Jojo Rabbit – Sátira com criança nazista como protagonista manda recado a adultos ingênuos do presente

Os filmes do diretor Taika Waititi tradicionalmente possuem elementos e personagens no mínimo esquisitos. Já tivemos um mockumentary apresentando a conflituosa vida de vampiros que dividem um mesmo teto no nosso mundo contemporâneo (O Que Fazemos nas Sombras, de 2014) e um romance dramático esquisito sobre um relacionamento entre dois adultos problemáticos que usam fantasias bizarras (Loucos Por Nada, de 2007). Mas parece que a especialidade do diretor é retratar crianças como protagonistas em contos que retratam a colisão entre o imaginário universo infantil com o realista e muitas vezes cruel mundo adulto.  Assim foi com Boy e A Incrível Aventura de Rick Baker, e assim aconteceu novamente em Jojo Rabbit, talvez o mais ousado título de sua carreira até então.

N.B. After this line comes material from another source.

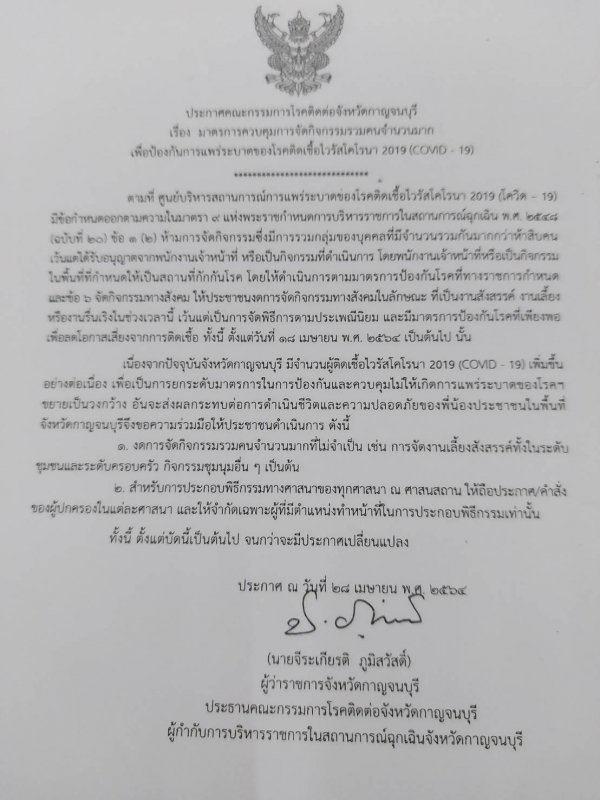 ประกาศคณะกรรมการโรคติดต่อจังหวัดกาญจนบุรี

Fazer um filme sobre uma criança alemã que tem como amigo imaginário o próprio Hitler durante o ápice final de Segunda Guerra Mundial poderia ser um desastre completo, correndo riscos de ser mal interpretado ou simplesmente de sair um produto de mau gosto gerando ainda mais polêmica em uma realidade onde sentimentos nazifascistas parecem querer ver a luz do sol novamente. Afinal, muito disso de fato ocorreu. A produção suscitou algumas críticas negativas, polêmicas e interpretações enviesadas mas, felizmente, estas ficaram em segundo plano e o projeto ganhou 6 indicações ao Oscar, incluindo melhor filme.

Claro que a criatividade de Waititi já se provou ser incomum, mas a origem de uma história tão inusitada veio de um livro recomendado por sua mãe, ela própria uma judia. Caging Skies, de Christine Leunen, conta a história de um garoto de Vienna que, durante a Segunda Guerra Mundial, descobre que sua família é, na verdade, antinazista. O diretor comprou o desafio de vender esse filme, começou a escrever o roteiro em 2011, inserindo suas próprias adaptações (incluindo o Hitler amigo imaginário do protagonista), fez três outros filmes, e foi então levou o projeto de Jojo à Fox, que só aceitou com a condição que o próprio Taika fizesse o papel de Hitler o que, na falta de sentido, fazia todo sentido.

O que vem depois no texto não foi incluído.